水通道尿蛋白光学免标记特异性检测装置及方法与流程

本发明涉及一种光学免标记特异性检测装置及方法，尤其是一种水通道尿蛋白光学免标记特异性检测装置及方法，属于生物医学光传感技术设计领域。

背景技术：

水是生命之源，在人体细胞中水的比例约占总质量的70％，大多数与生命活动相关的生化反应都是在水环境中进行的。因此，许多疾病的发生与人体水液平衡的破坏密切相关。肾脏作为人体主要的水液代谢器官，通过尿液的生成与排泄调节人体内水和电解质平衡，调节体液渗透压、体液量和电解质浓度。水通道蛋白(Aquaporins，AQPs)是水分子通过生物膜脂质双分子层的一种膜蛋白，几乎分布于所有活体器官组织中，对维持机体水液平衡和内环境稳定具有重要作用。现有的研究己经证实，分布于肾脏的AQP1-4参与了肾小管对水的重吸收，对调节尿液的排泄起到重要作用，水液代谢失衡与其异常表达密不可分。其中，AQP2是生理条件下肾脏最主要的受抗利尿激素调控的水通道蛋白，是维持体内水平衡调节的必需物质。由于AQP2可从细胞膜脱落至尿液中，因此，检测尿液中AQP2含量的变化，对于评估肾脏功能及机体水液平衡调节状态具有重要的临床实用价值。
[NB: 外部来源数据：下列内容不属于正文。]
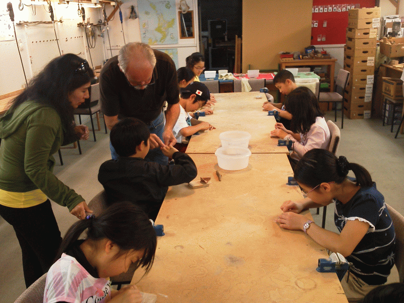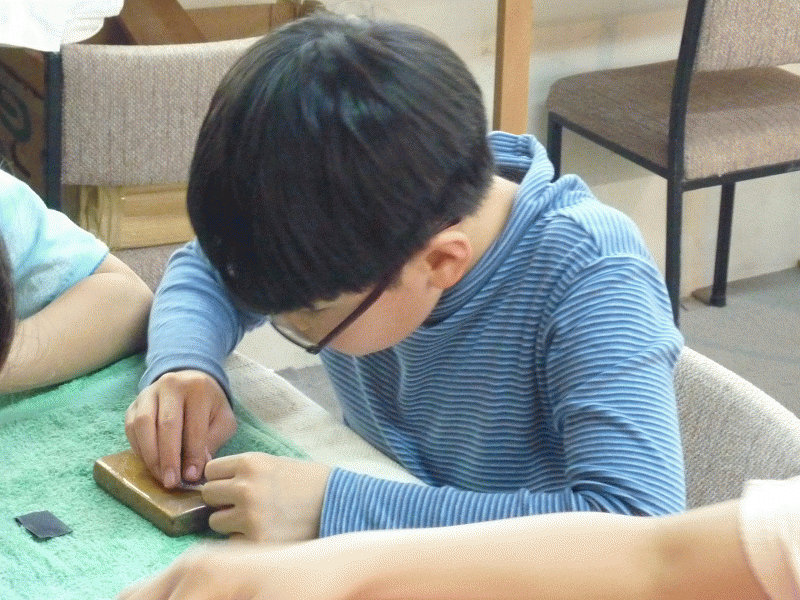 もう一つのチームは、ボーンカービングです。牛のすねの骨を削りかざりに仕上げていきます。みんな念入りに磨きをかけていました。

现有的检测水通道尿蛋白的医学常规方法包括“二喹啉甲酸测定法(BCA)”和“酶联免疫吸附测定法(ELISA)”两种。尽管BCA法已被广泛用于蛋白浓度测定，但此方法中测定的是溶液总蛋白含量，而非对水通道尿蛋白的特异性检测，容易受到溶液中其它成分的干扰，且还有显色慢、容易受还原剂和高浓度的EDTA影响等缺点。ELISA因其检测试剂盒检测数量大(一般为96孔板)稍显贵重，较适用于大规模多批次的检测活动，在一定程度上限制了ELISA在基层工作中的应用；此外，环境对ELISA的影响也较大，环境温度过低或者过高，抗体抗原反应将会减弱或者加快，使得最终结果不正确，难以形成标准曲线图。上述两种方法应用在药物研究检测过程中，除了要使用昂贵且检测数量庞大的光学仪器设备(像96孔板)外，还需要利用统计学的相关方法同时处理大量的测试数据和耗费大量时间准备待测样品，待测样品还必须放入到实验仪器中，因此这两种检测方式都无法满足活体蛋白样品的原位实时检测。

技术实现要素：

本发明的目的是为了解决上述现有检测水通道尿蛋白技术的缺点与不足，提供了一种水通道尿蛋白光学免标记特异性检测装置，该装置在金属薄膜表面修饰生物敏感膜作为特异性检测的有效载体，并通过幅度调制的方式取代波长解调方法，不仅大大降低了成本，而且利用光纤传感器体积小的特点，可实现人体内尿液蛋白的原位测量。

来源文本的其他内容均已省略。